# Mühle-Glashütte 29er Zeigerdatum Review



## StufflerMike

The Mühle-Glashütte 29er Zeigerdatum is one of those watches, as it sports nautical colors in a 100-meter water resistance case along with a not so common pointer date display. In this in-depth review I'll break down details to see if the Mühle-Glashütte 29er Zeigerdatum can be a perfect summer watch to add to your collection.


----------



## rickpal14

This is a gorgeous watch!! Already looking into where I can source it in the US... Thanks for the great review!


----------



## Nessun Dorma

rickpal14 said:


> This is a gorgeous watch!! Already looking into where I can source it in the US... Thanks for the great review!

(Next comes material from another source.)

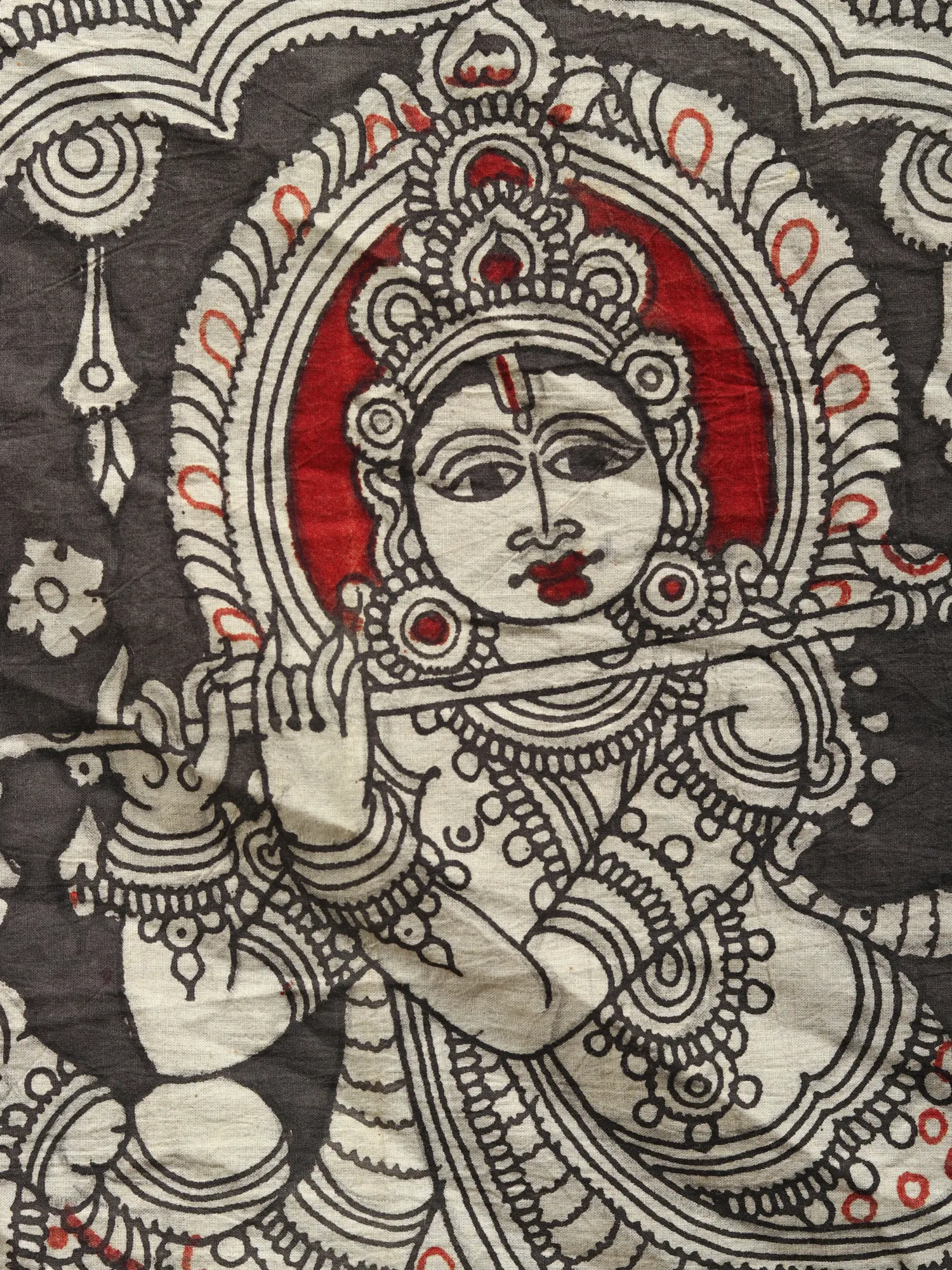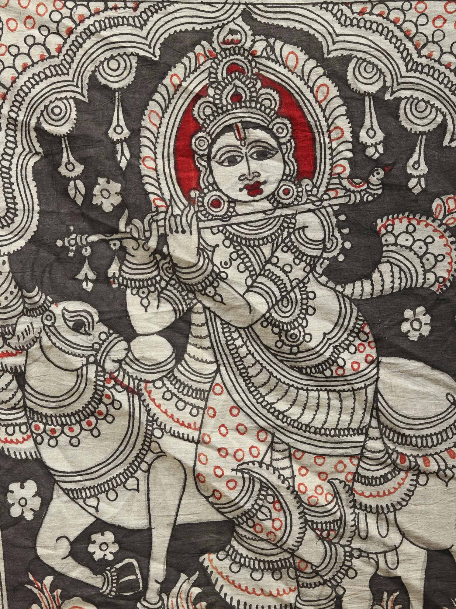 Set against a backdrop of vibrant colors and intricate patterns typical of Kalamkari art, the painting radiates a sense of tranquility and reverence. The intricate detailing and ethereal aura surrounding Lord Krishna evoke a feeling of divine presence, inviting viewers to experience a deeper connection with spirituality.

Don't source it in the USA .... Get it from First Class Watches in the UK instead. They ship to the USA. I have purchased two Mühles from them in the last six months and was very pleased with both the watches and the price I paid. I saved almost $1000 over the price from a local AD. To put in perspective as well I also got a Sinn U2 from them and the price came out to almost $1500 less than what Watchbuys was selling for.


----------



## jarlleif

Does anyone have pictures of this watch on other straps? I’m considering getting one, but I’m unsure how well it will work on leather. The blue canvas is a perfect fit, but I’ll want to switch it up occasionally. 


Gesendet von iPhone mit Tapatalk


----------



## pdsf

That chronometer is gorgeous....!!!!


----------



## rickpal14

Whelp...... I did it!!! Just ordered this piece and with any luck I will have it Christmas Eve. Pics to follow once I have it of course!!


----------



## jarlleif

rickpal14 said:


> Whelp...... I did it!!! Just ordered this piece and with any luck I will have it Christmas Eve. Pics to follow once I have it of course!!


Congratulations! I'd love to see a few pictures


----------